A federal judge Wednesday declined to release a Gladstone man accused of sexually abusing and abducting a 13-year-old Canadian girl who federal agents say he stowed in his trunk as he drove her to Oregon.
U.S. Magistrate Judge Youlee Yim You made the ruling after a plea from the girl’s father to keep 40-year-old Noah Whitefield Madrano in custody as he awaits trial.
The father said Madrano left behind a “shell” of the girl he has raised. She had been reported missing on June 24. The Oregonian/OregonLive isn’t naming the father to protect the girl’s identity.
Madrano is accused of meeting the girl online, then traveling to Canada and taking her to a hotel on more than one occasion to sexually abuse her before abducting her in late June and driving her in the trunk of his car to Oregon City. Federal agents raided a hotel room in Oregon City on July 2, where they found Madrano with the girl, according to prosecutors.

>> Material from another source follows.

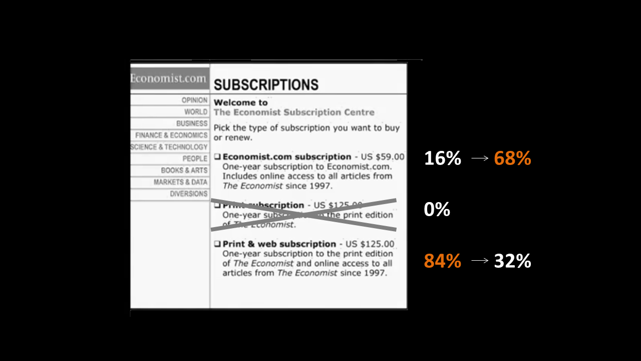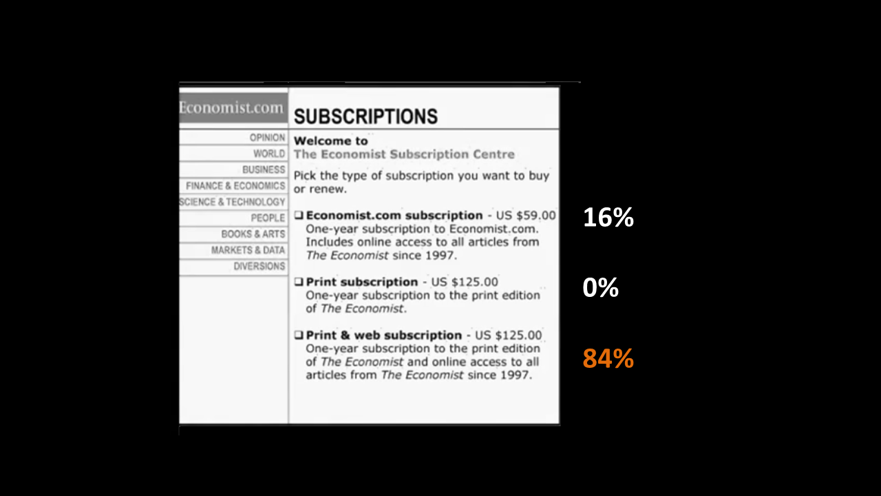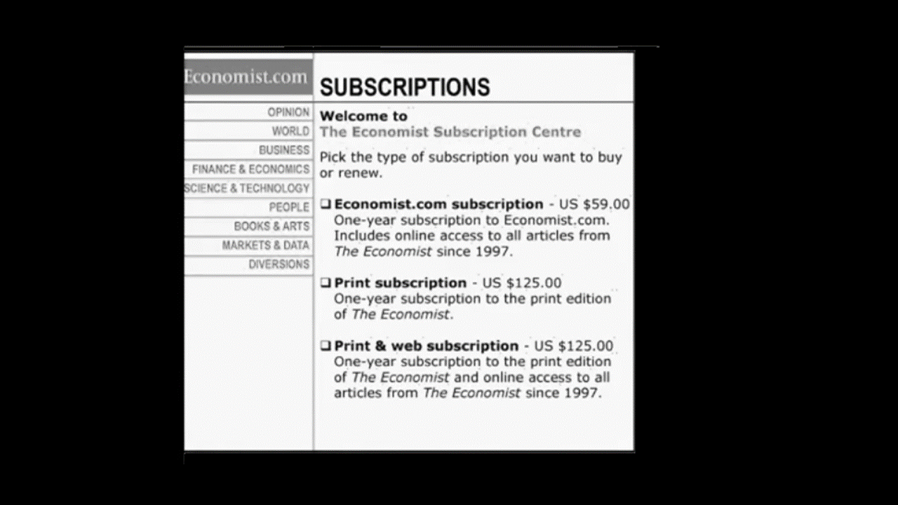 Der Psychologe und Verhaltensökonom Dan Ariely hat diese Frage – bzw. eine sehr ähnliche – seinen Studierenden gestellt. Ausgangspunkt war das Abomodell des Economist, das auf dessen Internetseiten gezeigt worden ist. Es gibt hier drei Optionen: Die Online-Ausgabe für 59 Dollar, die gedruckte Ausgabe für 125 Dollar oder ein Paket mit beiden Ausgaben für 125 Dollar.

The father, testifying at the video conference hearing from Canada, alleged Madrano strangled his daughter, tried to drown her in a bathtub and threatened to kill her, have sex with her dead body and sell her organs.
“She was alone,” he said. “She was scared.”
The girl’s father called Madrano “dangerous” and “devious,” a broken man who “will stop at nothing to fulfill his desires.”
“My daughter’s only solace right now,” he said, is that Madrano is in custody “and has no way of getting to her.”
Defense attorney Gregory Oliveros urged the judge to allow Madrano to be released to the “24-7″ supervision of his mother and father with electronic monitoring and other tight restrictions of his movements as well as limited access to his computer.
“I don’t see Mr. Madrano going anywhere,” Oliveros argued.
Oliveros said he’s not ignoring the seriousness of the allegations but believes Madrano’s release under strict supervision is necessary to help him work with Madrano to review discovery evidence in the case to work out a resolution for both his federal and state cases.
Assistant U.S. Attorney Mira Chernick argued against Madrano’s release to his parents, saying they posted $50,000 bail for him on Friday in his state case and supported their unemployed son for years.
He was arrested on a federal indictment Monday, three days after he bailed out of Clackamas County jail. In Clackamas County Circuit Court, he has pleaded not guilty to rape, kidnapping, sexual abuse, sodomy, luring a minor and using a child in a sexual display.
This week, he pleaded not guilty to a six-count federal indictment charging him with three counts of traveling with intent to engage in illicit sexual conduct and one count each of sexual exploitation of children, transportation of a minor with intent to engage in criminal sexual activity and possession of child pornography.
Chernick said Madrano received money from his father to start his own production company called Power T Productions and then used the company to produce child pornography and other child exploitation materials.
She said investigators found a “compilation video” that contained multiple videos and clips of the Canadian girl engaged in sexually explicit activity. The title card on the video said it was produced by Power T Productions, she said.
“He’s already used money from his parents to conduct his child exploitation activities,” the prosecutor said, adding that the government has no reason to believe that Madrano’s parents were aware of what their son was doing.
She said Madrano tried to obstruct justice after his arrest, by directing his father on a call from jail to retrieve a USB drive from a hiding place in his apartment to give to his attorneys to provide to him in jail. The father, instead, handed over the USB drive to FBI agents two days later, when they confronted the father of their suspicion he had it, Chernick said. The USB drive contained child pornography, she said.
Madrano, a former on-air volunteer at KBOO community radio, is also a flight risk, considering he’s facing potential life in prison if convicted, Chernick said.
The judge denied release, finding overwhelming evidence that Madrano poses a risk of danger to the community and a risk that he might not return to court if released.
“These are some of the worst allegations I have heard,” You said.
Oliveros asked if it’s possible for him to return to court in the future and request that Madrano be released to an inpatient treatment center.
The judge made it clear that wouldn’t be useful.
“That would not sway me to release Mr. Madrano because, quite frankly, inpatient treatment facilities are not secure facilities.”